→ Exercise description: Without the images, reproduce every entry exactly.

Records from a collection:

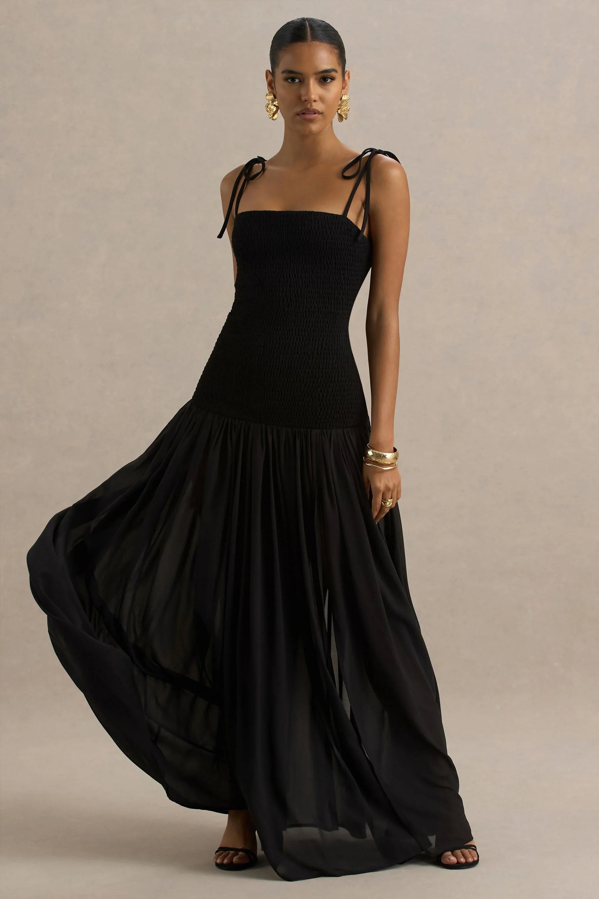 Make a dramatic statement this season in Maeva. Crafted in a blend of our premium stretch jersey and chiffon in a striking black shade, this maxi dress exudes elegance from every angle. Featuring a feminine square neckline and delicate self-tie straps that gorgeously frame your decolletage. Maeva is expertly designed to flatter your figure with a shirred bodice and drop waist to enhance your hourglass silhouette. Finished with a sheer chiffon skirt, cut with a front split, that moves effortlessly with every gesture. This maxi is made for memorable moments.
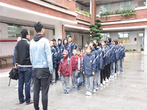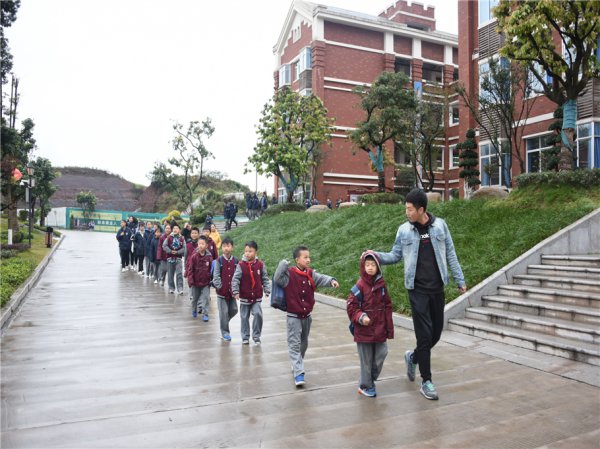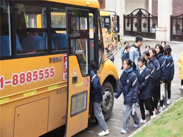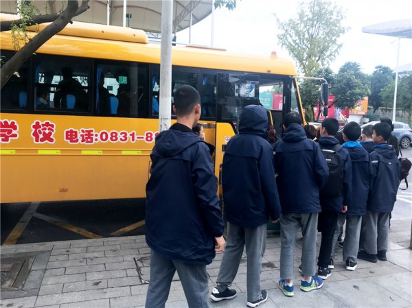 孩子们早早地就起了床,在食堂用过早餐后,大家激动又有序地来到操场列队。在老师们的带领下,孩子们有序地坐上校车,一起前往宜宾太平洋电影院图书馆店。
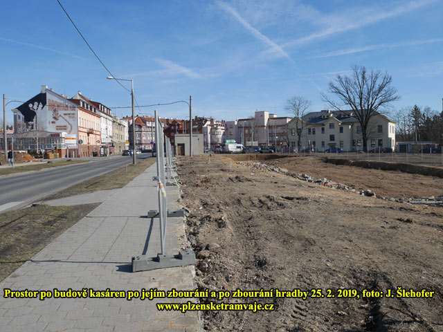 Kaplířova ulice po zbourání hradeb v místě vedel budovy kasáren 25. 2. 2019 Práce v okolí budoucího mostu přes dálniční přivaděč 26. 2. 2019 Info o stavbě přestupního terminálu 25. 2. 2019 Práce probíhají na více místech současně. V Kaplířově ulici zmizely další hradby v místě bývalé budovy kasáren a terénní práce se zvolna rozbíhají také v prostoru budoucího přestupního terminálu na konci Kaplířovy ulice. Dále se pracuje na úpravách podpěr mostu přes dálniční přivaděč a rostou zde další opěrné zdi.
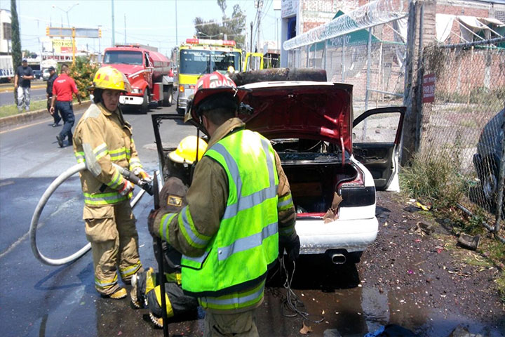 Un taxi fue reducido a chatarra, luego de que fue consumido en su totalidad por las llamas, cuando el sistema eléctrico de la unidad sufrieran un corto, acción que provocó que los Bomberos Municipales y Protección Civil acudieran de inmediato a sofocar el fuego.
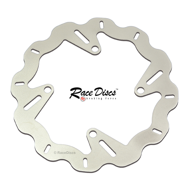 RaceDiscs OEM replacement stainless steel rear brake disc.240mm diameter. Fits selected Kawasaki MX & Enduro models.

→ Answer section:
 Make a dramatic statement this season in Maeva. Crafted in a blend of our premium stretch jersey and chiffon in a striking black shade, this maxi dress exudes elegance from every angle. Featuring a feminine square neckline and delicate self-tie straps that gorgeously frame your decolletage. Maeva is expertly designed to flatter your figure with a shirred bodice and drop waist to enhance your hourglass silhouette. Finished with a sheer chiffon skirt, cut with a front split, that moves effortlessly with every gesture. This maxi is made for memorable moments.
 孩子们早早地就起了床,在食堂用过早餐后,大家激动又有序地来到操场列队。在老师们的带领下,孩子们有序地坐上校车,一起前往宜宾太平洋电影院图书馆店。
 Kaplířova ulice po zbourání hradeb v místě vedel budovy kasáren 25. 2. 2019 Práce v okolí budoucího mostu přes dálniční přivaděč 26. 2. 2019 Info o stavbě přestupního terminálu 25. 2. 2019 Práce probíhají na více místech současně. V Kaplířově ulici zmizely další hradby v místě bývalé budovy kasáren a terénní práce se zvolna rozbíhají také v prostoru budoucího přestupního terminálu na konci Kaplířovy ulice. Dále se pracuje na úpravách podpěr mostu přes dálniční přivaděč a rostou zde další opěrné zdi.
 Un taxi fue reducido a chatarra, luego de que fue consumido en su totalidad por las llamas, cuando el sistema eléctrico de la unidad sufrieran un corto, acción que provocó que los Bomberos Municipales y Protección Civil acudieran de inmediato a sofocar el fuego.
 RaceDiscs OEM replacement stainless steel rear brake disc.240mm diameter. Fits selected Kawasaki MX & Enduro models.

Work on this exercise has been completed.